The Department of Health and Human Services (“HHS”) recently issued an interim final rule (the “Rule”) under the Health Information Technology for Economic and Clinical Health (“HITECH”) Act explaining the notification requirements for breaches of protected health information that has not been encrypted or destroyed (“Unsecured PHI”). Employer-sponsored health plans should immediately review and revise their HIPAA privacy policies and procedures to ensure that they adequately address the Rule’s requirements for investigating and reporting breaches of Unsecured PHI. The new requirements are effective for breaches occurring on or after September 23, 2009.

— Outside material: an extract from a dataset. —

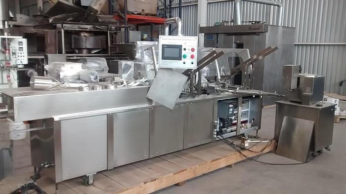 The BME 2 Row Sandwich Machine is designed for effective and efficient biscuit sandwiching operations. It features a robust main unit, controlled by motors and a PLC system, with a stainless-steel touchscreen for easy operation. Its design includes a quick-change head, allowing for varied cookie shapes to be processed seamlessly. An automatic detection unit and double chain pusher optimize the sandwiching process. All parts in contact with products are made from stainless steel and remain unpainted for hygiene purposes.
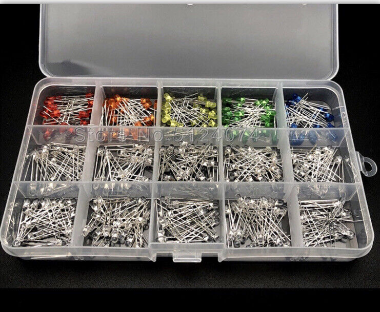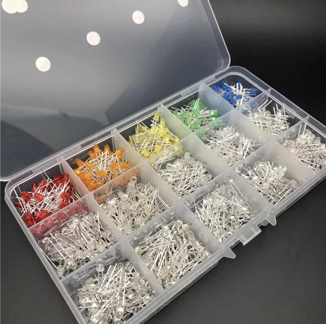 750pcs 15 Types 3mm LED Light Emitting Diodes Red Green Blue Etc Assortment Kit.

“Covered entities,” including group health plans, must notify affected individuals, the Secretary of HHS, and in some cases, the media, following the discovery of a breach of Unsecured PHI. The notice should be delivered by first-class mail, or by e-mail, if the individual has agreed to accept electronic notices and should include: a description of the breach, steps individuals should take to protect themselves, steps the covered entity is taking in response to the breach, and contact information for individuals to obtain more information. In cases where individuals cannot be reached, notices may be posted on the covered entity’s website, or announced in major print or broadcasting media. Where the breach involves more than 500 residents of a state or jurisdiction, the covered entity must also provide notice to prominent media outlets in that state or jurisdiction. Notices generally must be delivered within 60 calendar days after the discovery of the breach.
If a breach occurs at or by a covered entity’s “business associate”, the business associate must notify the covered entity of the breach. This notice must identify, to the extent possible, the individuals whose Unsecured PHI was subject to the breach and include the information required to be included in the notice sent by the covered entity.
The Rule imposes sanctions for failure to deliver notices when the covered entity or business associate would have known of a breach by exercising reasonable diligence, even if the covered entity or business associate did not actually know of the breach. Therefore, it is critical that (i) covered entities and business associates have procedures in place to effectively discover breaches and to investigate and report breaches when they occur, and (ii) all individuals acting on their behalf are trained to comply with these procedures.